Activity
In the entries below, find the line containing "10. 김시우: 선생님에게" and the line containing "約20帖のLDKすべてが吹き". Copy those two lines and everything between them exactly, without the pictures.
───── Input material
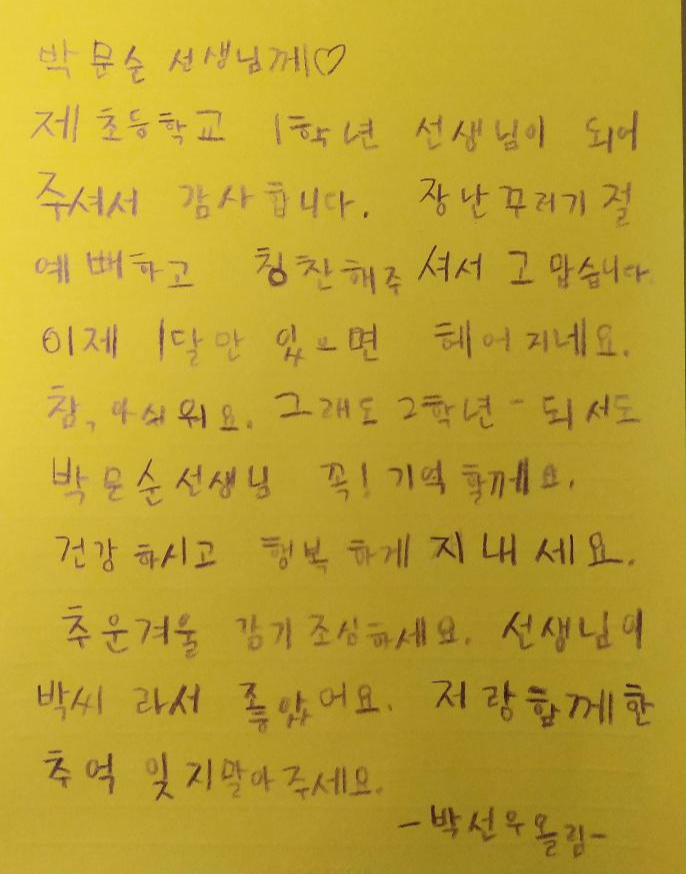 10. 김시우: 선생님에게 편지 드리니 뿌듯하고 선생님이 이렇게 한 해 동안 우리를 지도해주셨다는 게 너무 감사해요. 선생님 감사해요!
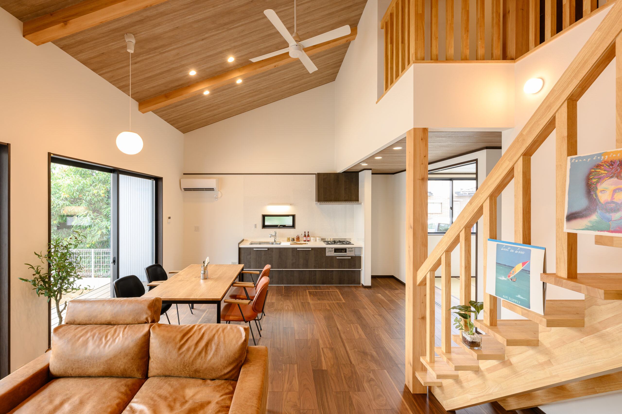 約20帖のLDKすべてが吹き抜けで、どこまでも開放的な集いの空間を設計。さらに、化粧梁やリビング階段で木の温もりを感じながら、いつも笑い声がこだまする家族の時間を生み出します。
──────────
───── Input material
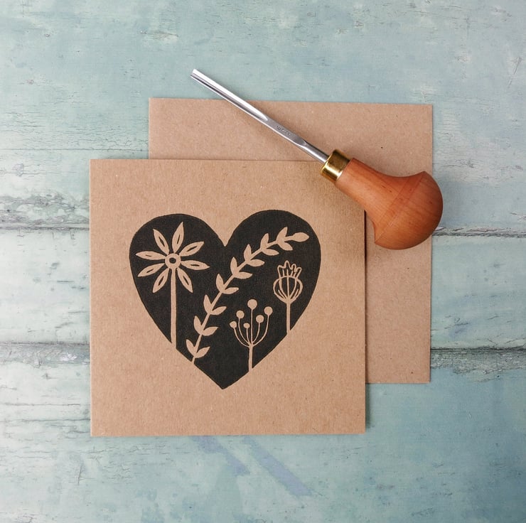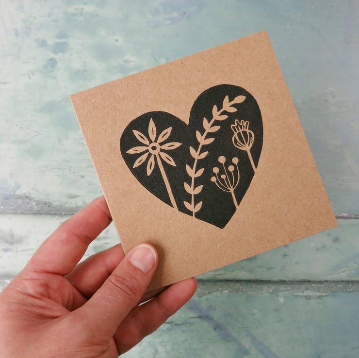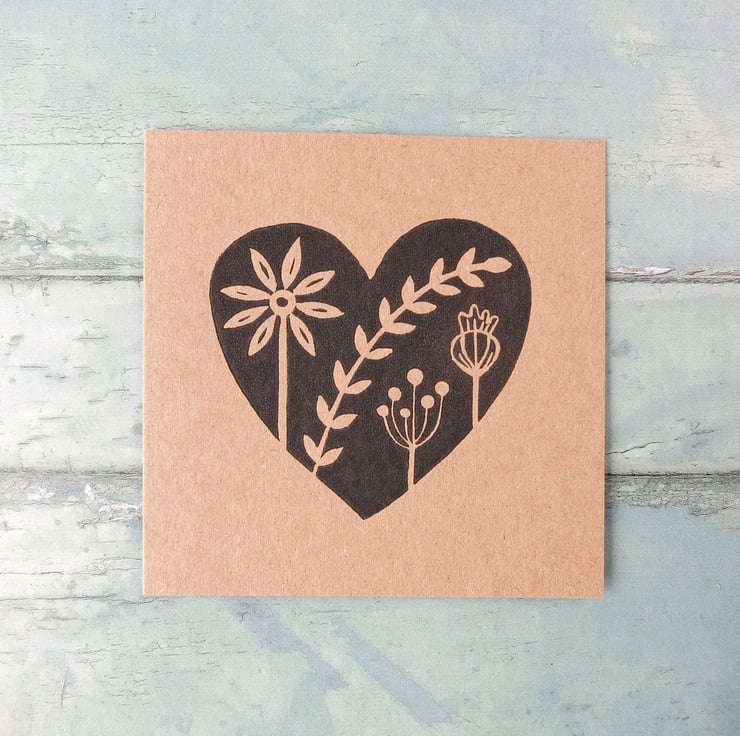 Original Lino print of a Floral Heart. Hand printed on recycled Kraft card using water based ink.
──────────
───── Input material
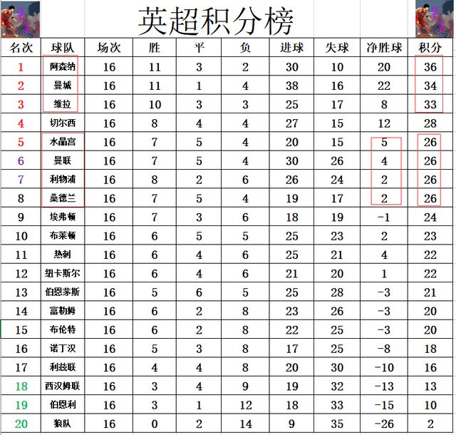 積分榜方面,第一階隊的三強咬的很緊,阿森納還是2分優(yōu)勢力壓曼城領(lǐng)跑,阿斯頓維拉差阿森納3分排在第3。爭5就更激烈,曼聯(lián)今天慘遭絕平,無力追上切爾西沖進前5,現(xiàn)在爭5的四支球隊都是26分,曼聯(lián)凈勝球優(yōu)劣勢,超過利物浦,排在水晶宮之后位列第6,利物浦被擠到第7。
──────────
Exercise answer
 10. 김시우: 선생님에게 편지 드리니 뿌듯하고 선생님이 이렇게 한 해 동안 우리를 지도해주셨다는 게 너무 감사해요. 선생님 감사해요!
 約20帖のLDKすべてが吹き抜けで、どこまでも開放的な集いの空間を設計。さらに、化粧梁やリビング階段で木の温もりを感じながら、いつも笑い声がこだまする家族の時間を生み出します。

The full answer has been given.